Video search engines are often evaluated based on how they rank a single video when presented with a brief description that accompanies that video in the test set. But this criterion may not reflect a system's utility in the real world, where numerous videos may be highly relevant to the search terms. New work aims to solve this problem.
What’s new: Researchers at the University of Bristol led by Michael Wray propose a new benchmark, Semantic Similarity Video Retrieval (SVR), that evaluates video retrieval systems by their ability to rank many similar videos. They also built a system that performed well on it.
Key insight: To evaluate a video retrieval system based on how similar the top-ranked videos are to an input description, the evaluation process needs a ground-truth measure of similarity between descriptions and videos. There isn’t an automatic way to compare a description to a video, but there are several ways to compare a description to other descriptions. The authors assessed the similarity between existing descriptions to approximate ground-truth similarity between descriptions and videos. This enabled them to train their system to rank the similarity of input text to a variety of videos, and to evaluate the quality of its search results.
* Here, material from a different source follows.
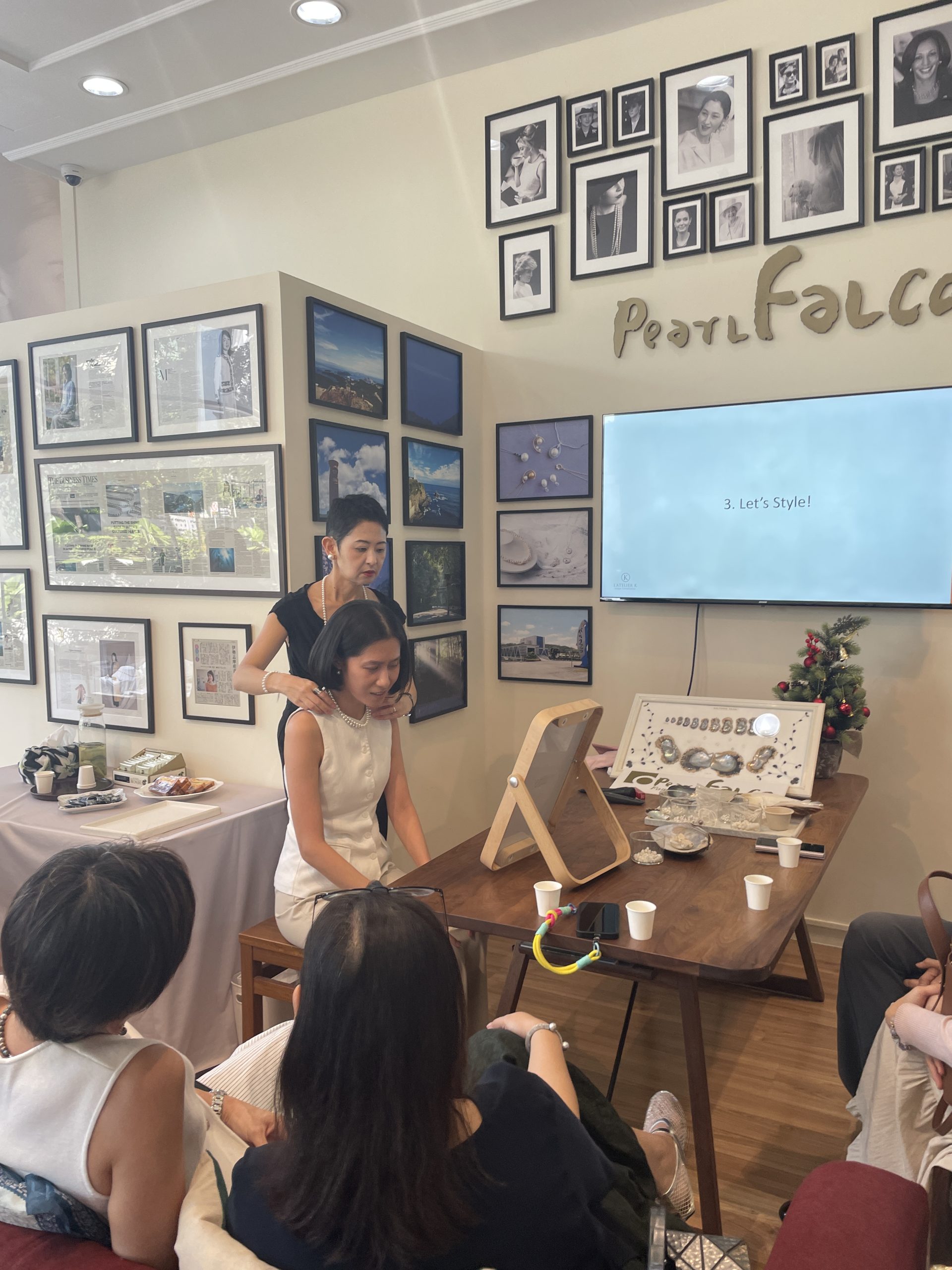 Kanako shared tips on selecting flattering colours, balancing outfit proportions, choosing the right accessories, and creating polished looks with minimal changes. Through live demonstrations and hands-on examples, she showed how seawater pearls—introduced earlier by Maiko—can be incorporated effortlessly to elevate both corporate and evening outfits.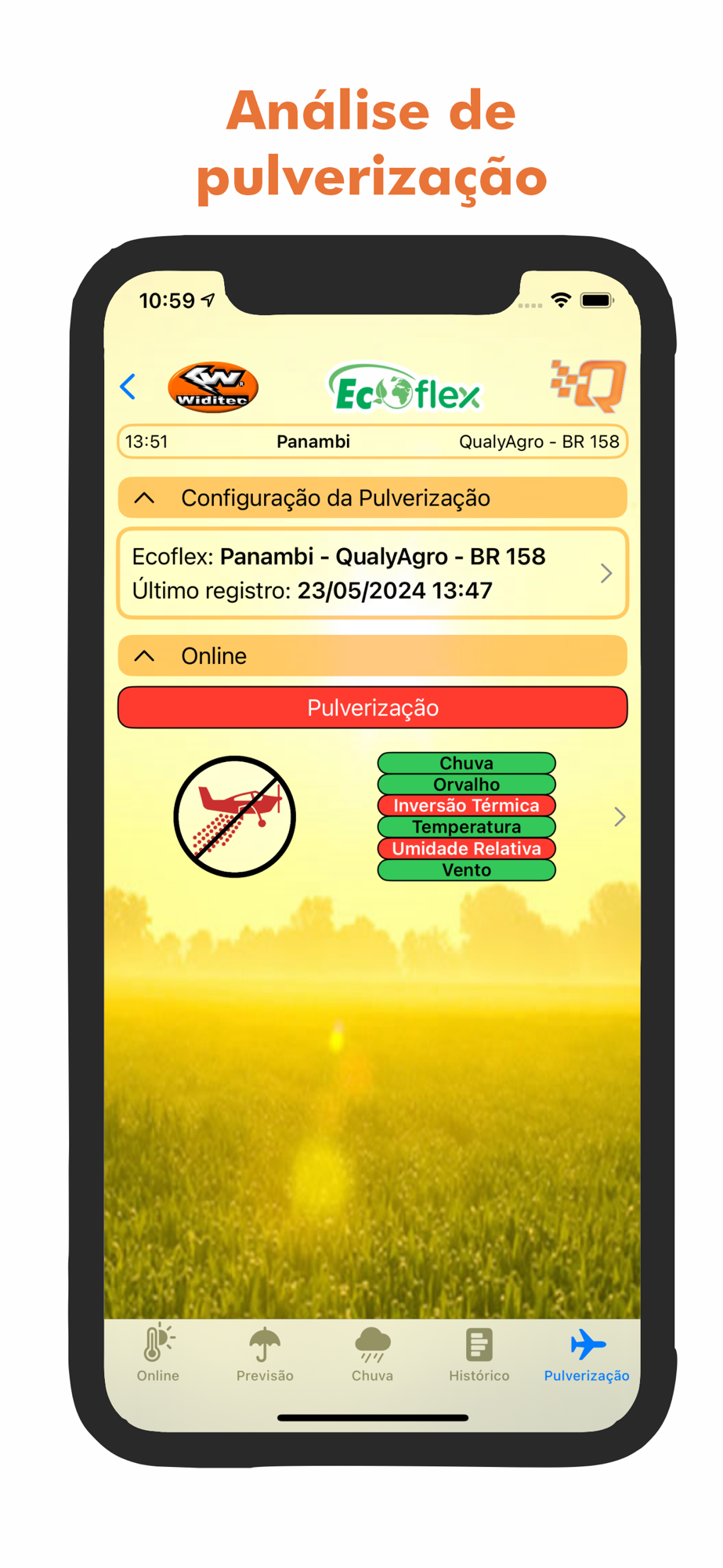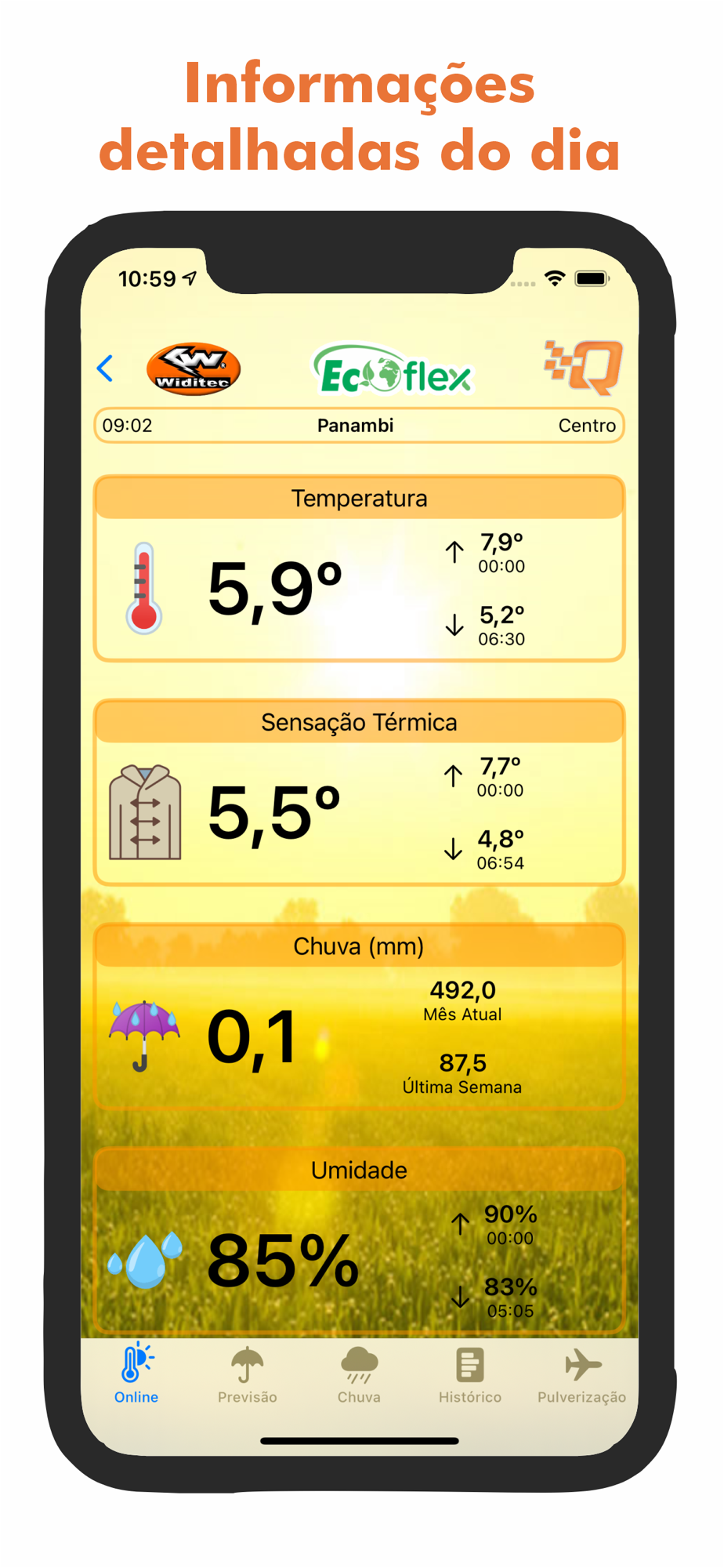 Com o aplicativo Ecoflex é possível acompanhar os dados das Estações Meteorológicas QualyAgro em tempo real.

How it works: The authors generated separate representations for captions and videos and honed the similarity of matching descriptions and videos. Given a description, the system learned to rank clips whose video representation best matched that of the input (and vice-versa). They trained and tested it on videos with descriptions from movies, news, how-tos, and other sources.
- The authors calculated similarity between each description and every other description using METEOR. If the similarity between two descriptions exceeded a threshold, they matched the description with the video bearing the other caption.
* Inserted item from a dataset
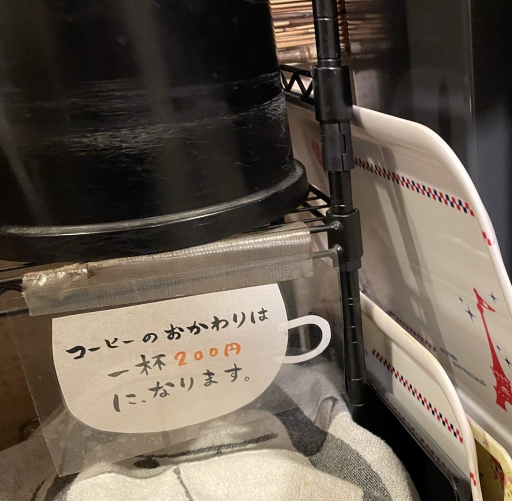 上記のメニューは、昼、夜共通ですがランチタイムにはコーヒーが付きます。セルフサービスで、一杯無料です。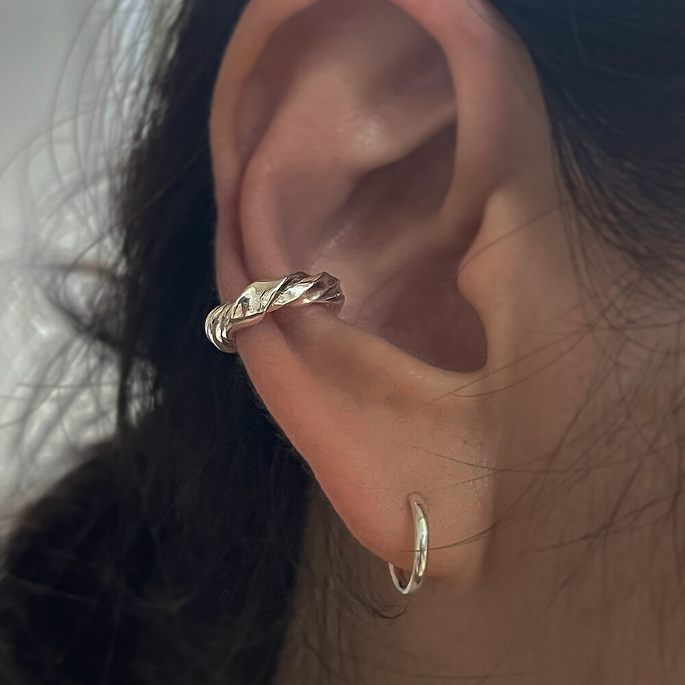독특한 꼬임 형태의 핸드크래프티드 이어커프입니다.

- They used these matches to train a system that included a GPT-based language model, which generated representations of descriptions, and a combination of convolutional neural networks, which generated representations of videos. A triplet loss encouraged the system to produce similar representations of matched descriptions and videos and dissimilar representations of unmatched ones.
- Given input text (for the purpose of evaluation, an existing description), they ranked the top-matching videos according to the cosine similarity between the representations of the text and the representation of the videos.
Results: The authors measured how well their system ranked each video with respect to every description (and vice-versa) using nDCG. This method rewards high rankings of similar representations (as measured by METEOR) and penalizes high rankings of dissimilar representations. The authors’ system scored 0.840 out of a perfect 1.0. A baseline system that used two vanilla neural networks to create video and description embeddings scored .833.
Why it matters: Rather than designing a system to ace a common test, the authors devised a new test that better reflects what users expect from such systems. That approach should lead to more useful systems all around.
We’re thinking: The more machine learning improves, the more we need benchmarks that are capable of measuring the latest improvements.